• _Exercise_: Your reply should hold every record exactly as given, with no pictures in it.

Records drawn from a dataset
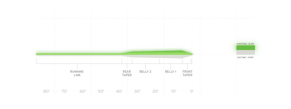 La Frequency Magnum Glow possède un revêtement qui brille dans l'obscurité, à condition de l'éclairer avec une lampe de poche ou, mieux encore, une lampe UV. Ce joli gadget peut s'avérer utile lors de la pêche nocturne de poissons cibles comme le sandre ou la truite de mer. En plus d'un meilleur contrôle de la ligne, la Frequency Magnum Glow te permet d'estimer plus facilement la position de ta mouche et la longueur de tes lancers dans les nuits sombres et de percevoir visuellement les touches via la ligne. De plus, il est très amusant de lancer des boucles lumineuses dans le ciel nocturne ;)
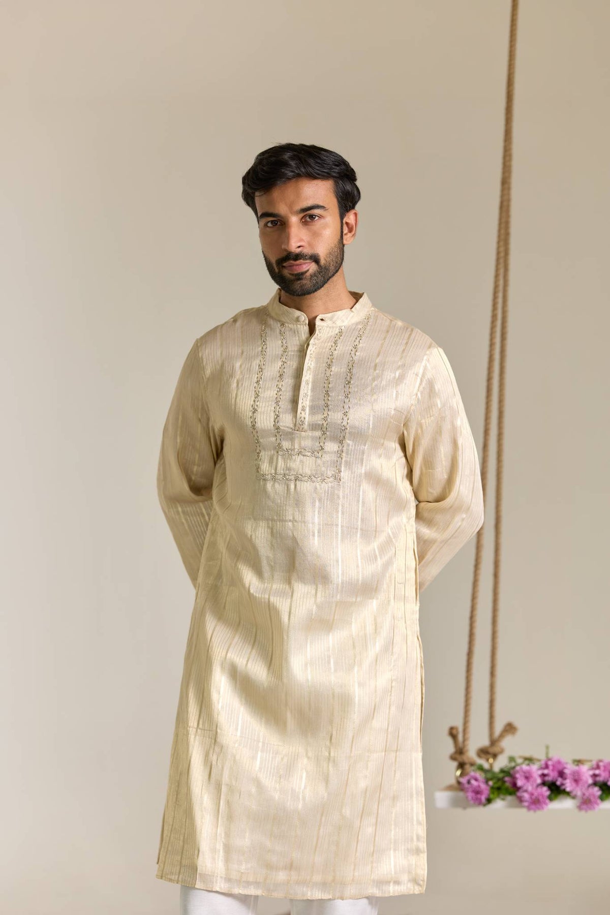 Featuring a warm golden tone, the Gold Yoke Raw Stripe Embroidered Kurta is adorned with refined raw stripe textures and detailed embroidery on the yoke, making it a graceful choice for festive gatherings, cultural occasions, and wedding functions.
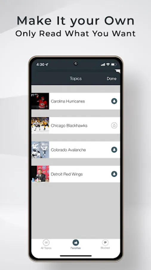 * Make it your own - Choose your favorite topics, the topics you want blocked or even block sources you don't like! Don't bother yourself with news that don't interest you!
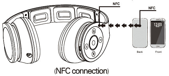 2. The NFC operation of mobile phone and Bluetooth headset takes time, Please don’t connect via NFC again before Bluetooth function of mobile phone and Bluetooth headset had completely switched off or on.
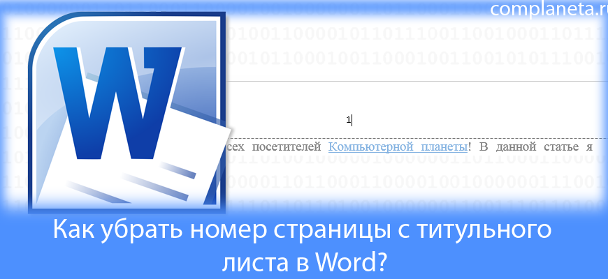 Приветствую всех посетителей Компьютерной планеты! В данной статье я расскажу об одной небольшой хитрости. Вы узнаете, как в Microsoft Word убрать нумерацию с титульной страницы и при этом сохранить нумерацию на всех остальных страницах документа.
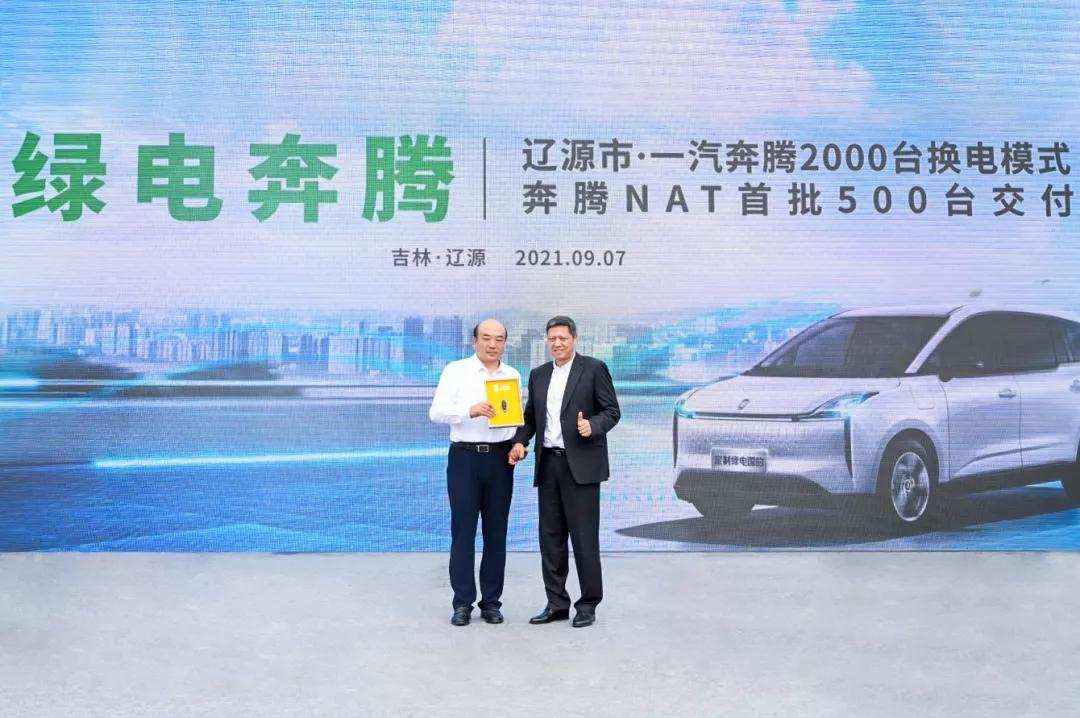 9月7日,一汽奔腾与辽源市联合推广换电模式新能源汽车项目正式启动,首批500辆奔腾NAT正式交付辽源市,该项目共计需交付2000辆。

• _Answer to this task_:
 La Frequency Magnum Glow possède un revêtement qui brille dans l'obscurité, à condition de l'éclairer avec une lampe de poche ou, mieux encore, une lampe UV. Ce joli gadget peut s'avérer utile lors de la pêche nocturne de poissons cibles comme le sandre ou la truite de mer. En plus d'un meilleur contrôle de la ligne, la Frequency Magnum Glow te permet d'estimer plus facilement la position de ta mouche et la longueur de tes lancers dans les nuits sombres et de percevoir visuellement les touches via la ligne. De plus, il est très amusant de lancer des boucles lumineuses dans le ciel nocturne ;)
 Featuring a warm golden tone, the Gold Yoke Raw Stripe Embroidered Kurta is adorned with refined raw stripe textures and detailed embroidery on the yoke, making it a graceful choice for festive gatherings, cultural occasions, and wedding functions.
 * Make it your own - Choose your favorite topics, the topics you want blocked or even block sources you don't like! Don't bother yourself with news that don't interest you!
 2. The NFC operation of mobile phone and Bluetooth headset takes time, Please don’t connect via NFC again before Bluetooth function of mobile phone and Bluetooth headset had completely switched off or on.
 Приветствую всех посетителей Компьютерной планеты! В данной статье я расскажу об одной небольшой хитрости. Вы узнаете, как в Microsoft Word убрать нумерацию с титульной страницы и при этом сохранить нумерацию на всех остальных страницах документа.
 9月7日,一汽奔腾与辽源市联合推广换电模式新能源汽车项目正式启动,首批500辆奔腾NAT正式交付辽源市,该项目共计需交付2000辆。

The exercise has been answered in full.